---- SUPPLIED INFORMATION

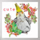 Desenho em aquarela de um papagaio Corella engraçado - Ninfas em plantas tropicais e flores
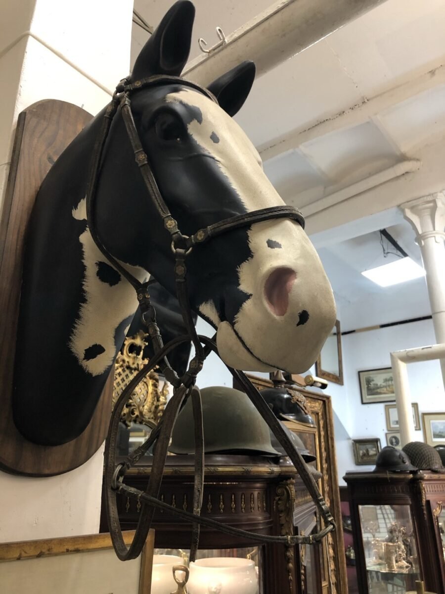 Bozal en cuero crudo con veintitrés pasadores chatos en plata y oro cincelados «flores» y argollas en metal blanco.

--------
---- SUPPLIED INFORMATION

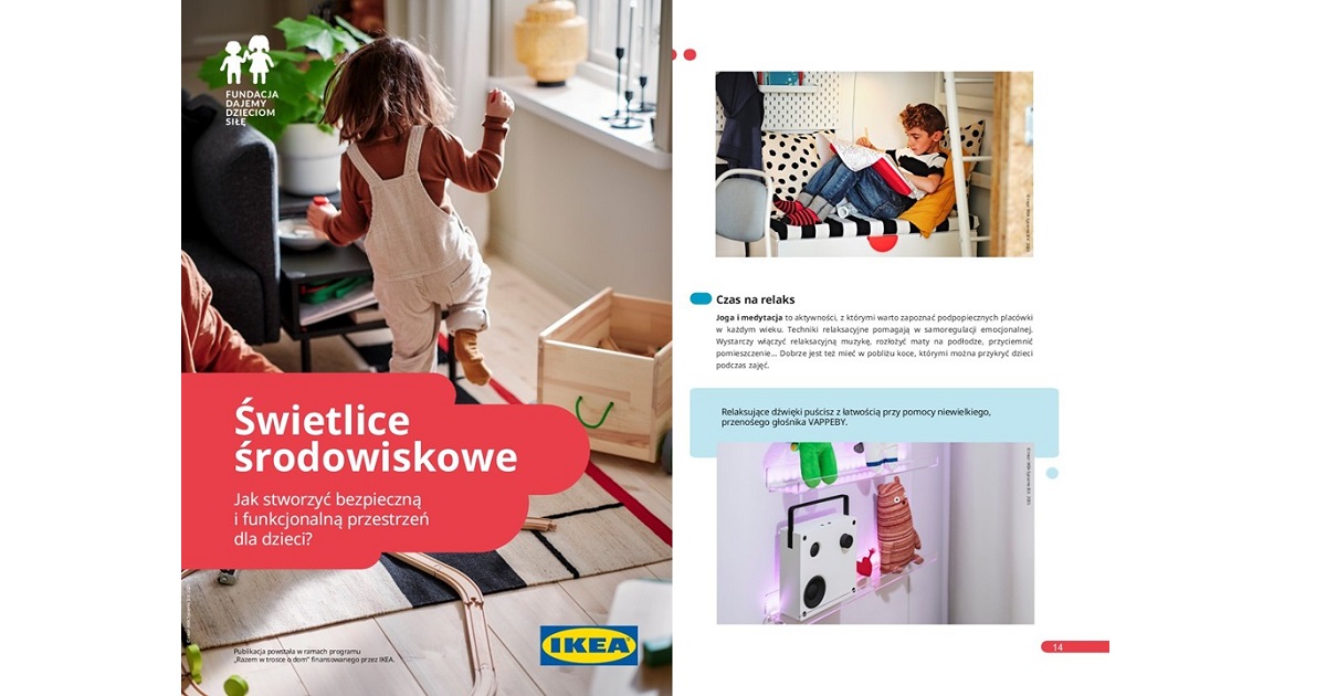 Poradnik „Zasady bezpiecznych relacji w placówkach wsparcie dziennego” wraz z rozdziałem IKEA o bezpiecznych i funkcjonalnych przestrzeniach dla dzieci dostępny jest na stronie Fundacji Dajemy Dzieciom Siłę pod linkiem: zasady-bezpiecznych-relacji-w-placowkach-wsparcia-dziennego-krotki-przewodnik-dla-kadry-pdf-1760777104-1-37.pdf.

--------

REQUIREMENT
Output only the lines above from the line that holds "Desenho em aquarela" through the line that holds "Bozal en cuero", both ends included, and exclude pictures.

SOLUTION
 Desenho em aquarela de um papagaio Corella engraçado - Ninfas em plantas tropicais e flores
 Bozal en cuero crudo con veintitrés pasadores chatos en plata y oro cincelados «flores» y argollas en metal blanco.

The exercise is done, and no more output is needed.